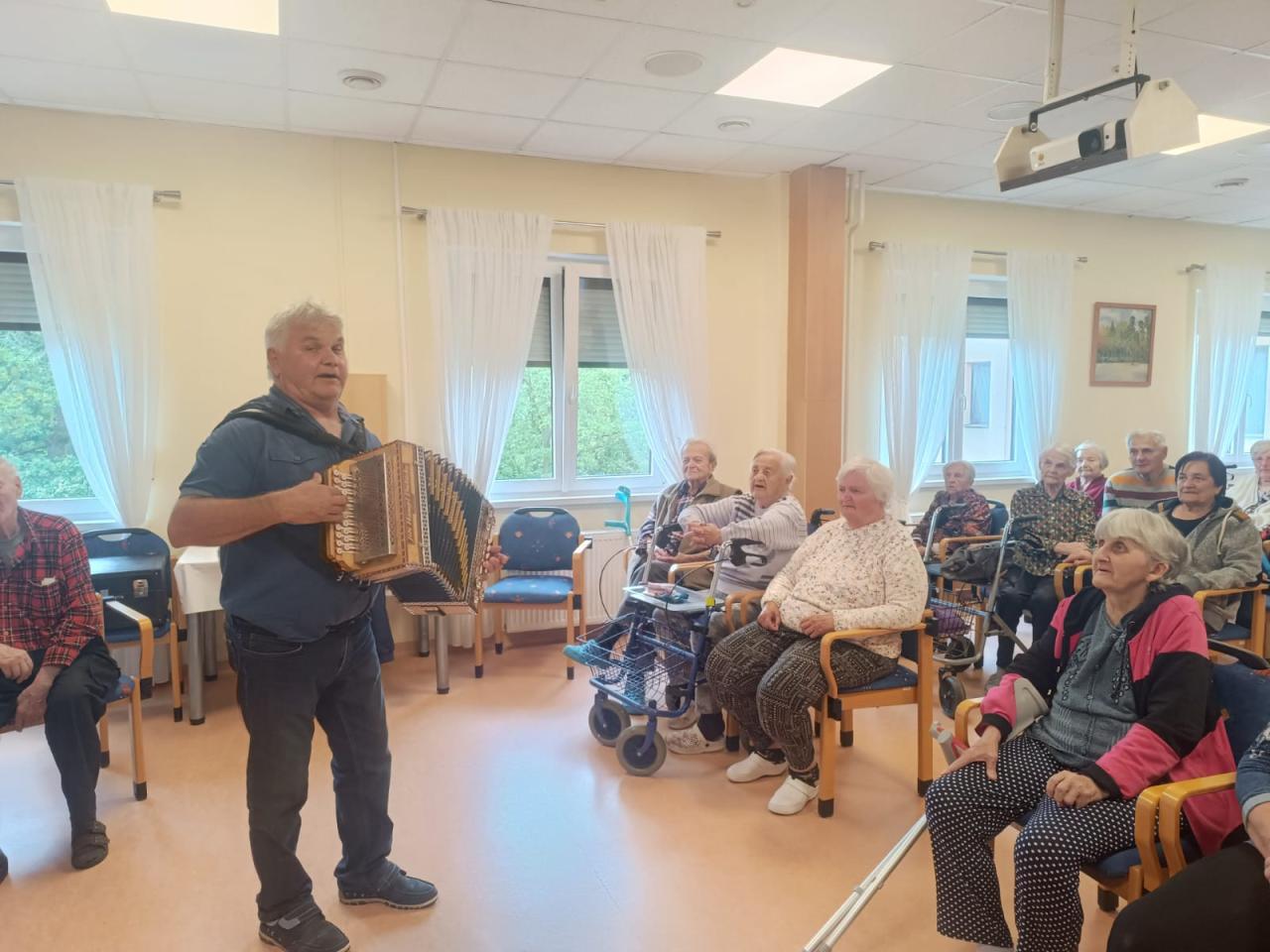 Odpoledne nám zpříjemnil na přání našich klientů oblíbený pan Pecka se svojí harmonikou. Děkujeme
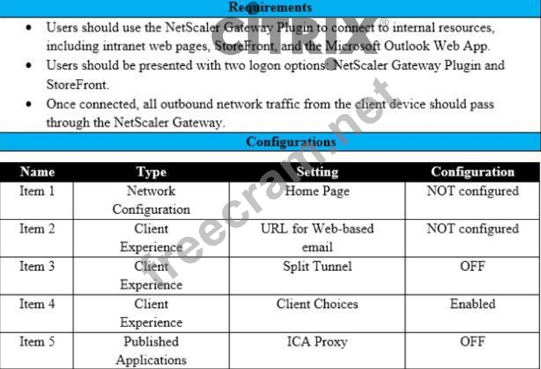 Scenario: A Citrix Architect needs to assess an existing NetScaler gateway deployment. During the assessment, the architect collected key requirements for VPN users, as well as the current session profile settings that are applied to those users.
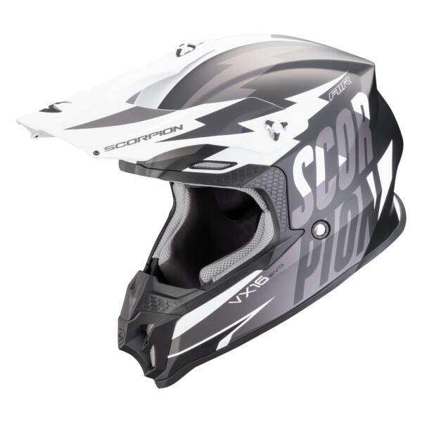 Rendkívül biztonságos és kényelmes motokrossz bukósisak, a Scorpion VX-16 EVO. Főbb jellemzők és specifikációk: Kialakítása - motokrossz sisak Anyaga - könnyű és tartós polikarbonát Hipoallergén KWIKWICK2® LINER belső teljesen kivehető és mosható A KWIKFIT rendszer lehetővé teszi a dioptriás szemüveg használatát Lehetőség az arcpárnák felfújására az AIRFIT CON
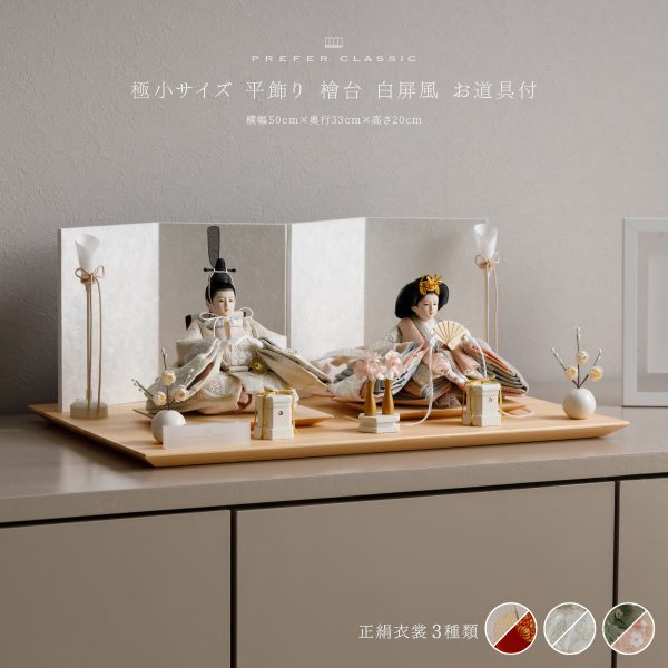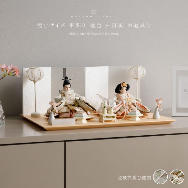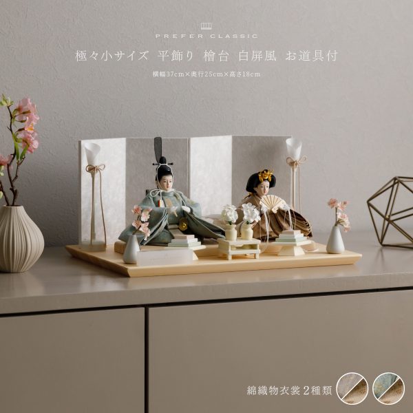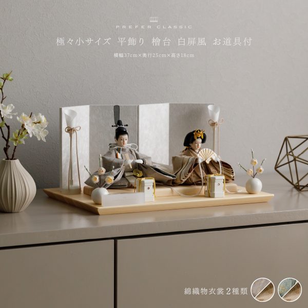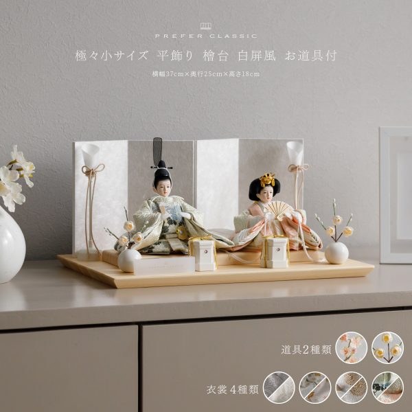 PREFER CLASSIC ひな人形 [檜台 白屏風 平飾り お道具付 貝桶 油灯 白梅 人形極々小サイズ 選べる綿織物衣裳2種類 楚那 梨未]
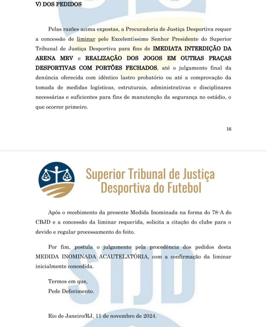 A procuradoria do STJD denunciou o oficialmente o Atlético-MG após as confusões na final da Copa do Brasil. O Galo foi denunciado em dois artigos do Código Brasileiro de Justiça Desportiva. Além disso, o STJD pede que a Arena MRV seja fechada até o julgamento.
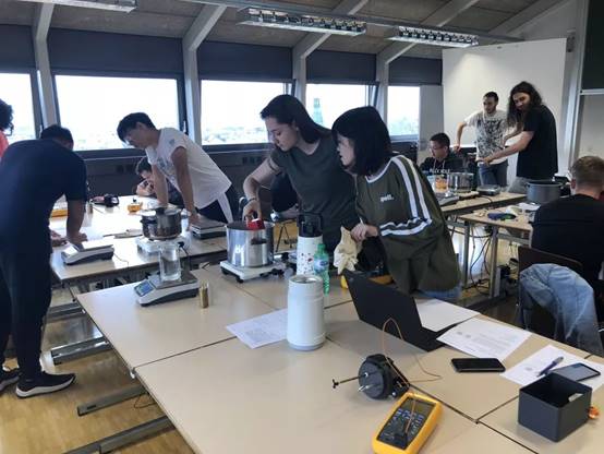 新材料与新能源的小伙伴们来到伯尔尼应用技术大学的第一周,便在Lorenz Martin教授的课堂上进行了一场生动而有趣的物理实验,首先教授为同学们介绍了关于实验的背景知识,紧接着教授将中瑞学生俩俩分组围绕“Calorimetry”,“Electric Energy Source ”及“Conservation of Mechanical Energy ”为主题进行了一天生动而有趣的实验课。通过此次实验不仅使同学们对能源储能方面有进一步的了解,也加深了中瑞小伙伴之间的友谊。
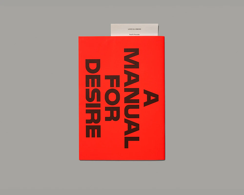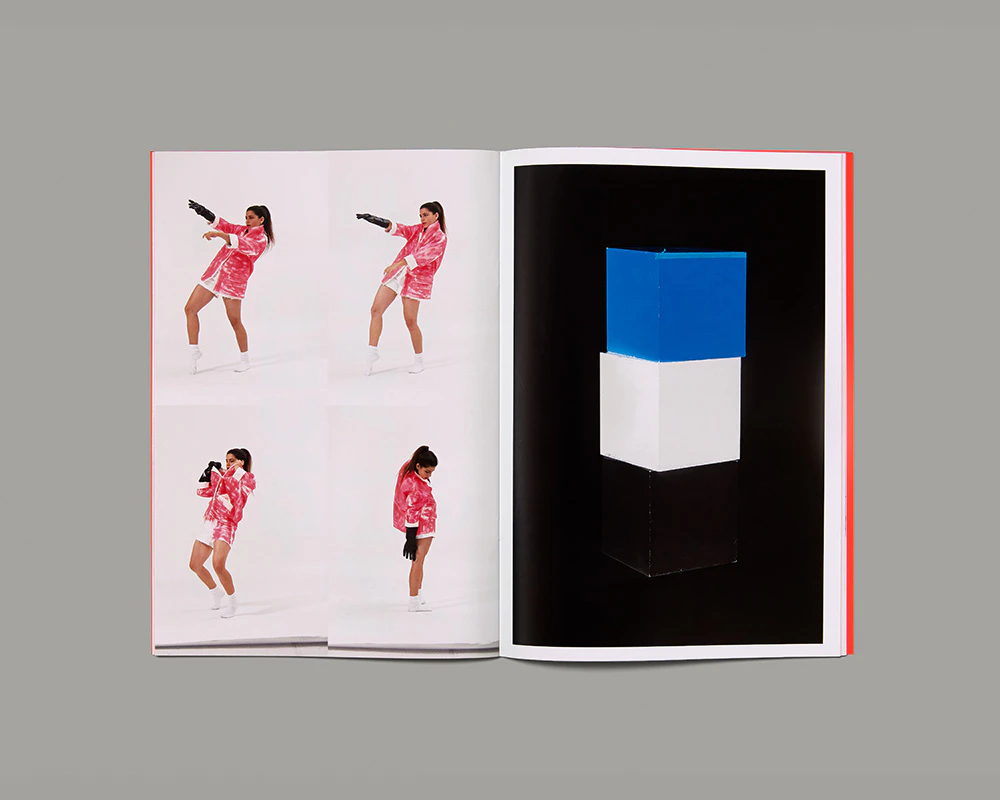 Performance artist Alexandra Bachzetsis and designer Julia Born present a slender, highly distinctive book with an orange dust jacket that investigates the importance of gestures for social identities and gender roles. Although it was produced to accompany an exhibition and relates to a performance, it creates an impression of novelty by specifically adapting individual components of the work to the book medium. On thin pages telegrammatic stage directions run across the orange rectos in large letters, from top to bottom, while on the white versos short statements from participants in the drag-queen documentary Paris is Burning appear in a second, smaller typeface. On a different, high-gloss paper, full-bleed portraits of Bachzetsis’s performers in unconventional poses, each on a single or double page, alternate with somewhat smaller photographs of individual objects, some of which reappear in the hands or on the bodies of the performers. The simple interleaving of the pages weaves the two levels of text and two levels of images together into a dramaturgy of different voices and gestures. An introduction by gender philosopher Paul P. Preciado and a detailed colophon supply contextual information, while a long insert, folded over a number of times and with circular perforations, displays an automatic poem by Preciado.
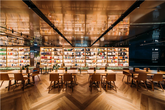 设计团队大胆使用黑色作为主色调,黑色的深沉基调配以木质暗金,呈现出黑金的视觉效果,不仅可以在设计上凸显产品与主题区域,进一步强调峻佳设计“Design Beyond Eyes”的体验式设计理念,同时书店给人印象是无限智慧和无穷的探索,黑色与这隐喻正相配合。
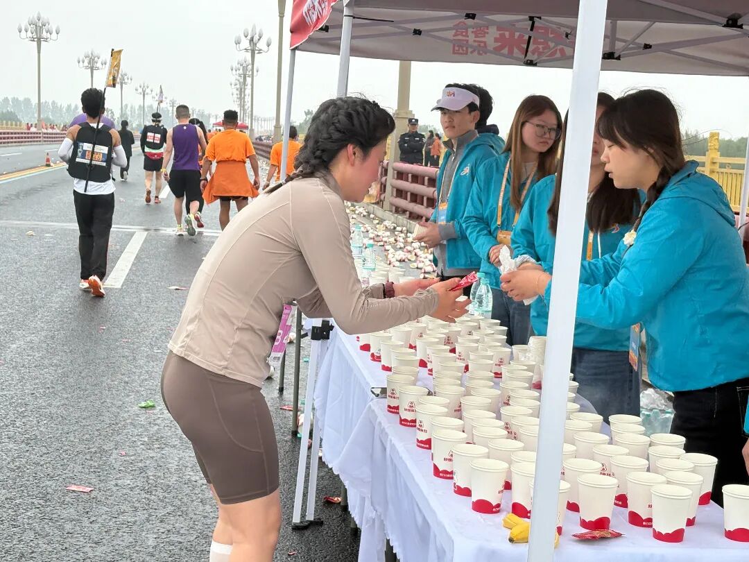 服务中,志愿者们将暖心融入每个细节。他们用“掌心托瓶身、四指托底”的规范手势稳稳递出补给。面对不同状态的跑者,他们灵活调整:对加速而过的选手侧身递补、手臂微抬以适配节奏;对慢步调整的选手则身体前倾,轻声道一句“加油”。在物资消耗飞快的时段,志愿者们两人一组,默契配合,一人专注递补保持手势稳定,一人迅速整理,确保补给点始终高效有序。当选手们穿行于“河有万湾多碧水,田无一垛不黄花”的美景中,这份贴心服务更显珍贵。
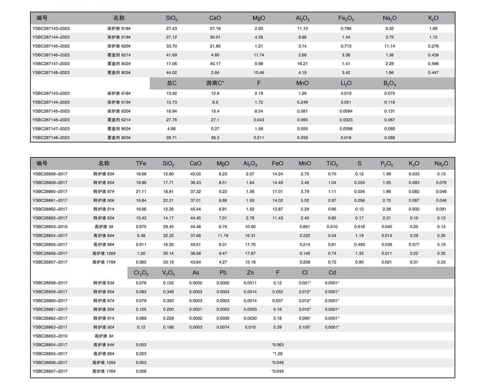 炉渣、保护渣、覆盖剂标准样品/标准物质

= = = =

### What you are asked to do
Starting at the first line of the records and stopping after the line with "PREFER CLASSIC ひな人形", copy each line exactly; pictures stay out.

### Reply to the task
 Odpoledne nám zpříjemnil na přání našich klientů oblíbený pan Pecka se svojí harmonikou. Děkujeme
 Scenario: A Citrix Architect needs to assess an existing NetScaler gateway deployment. During the assessment, the architect collected key requirements for VPN users, as well as the current session profile settings that are applied to those users.
 Rendkívül biztonságos és kényelmes motokrossz bukósisak, a Scorpion VX-16 EVO. Főbb jellemzők és specifikációk: Kialakítása - motokrossz sisak Anyaga - könnyű és tartós polikarbonát Hipoallergén KWIKWICK2® LINER belső teljesen kivehető és mosható A KWIKFIT rendszer lehetővé teszi a dioptriás szemüveg használatát Lehetőség az arcpárnák felfújására az AIRFIT CON
 PREFER CLASSIC ひな人形 [檜台 白屏風 平飾り お道具付 貝桶 油灯 白梅 人形極々小サイズ 選べる綿織物衣裳2種類 楚那 梨未]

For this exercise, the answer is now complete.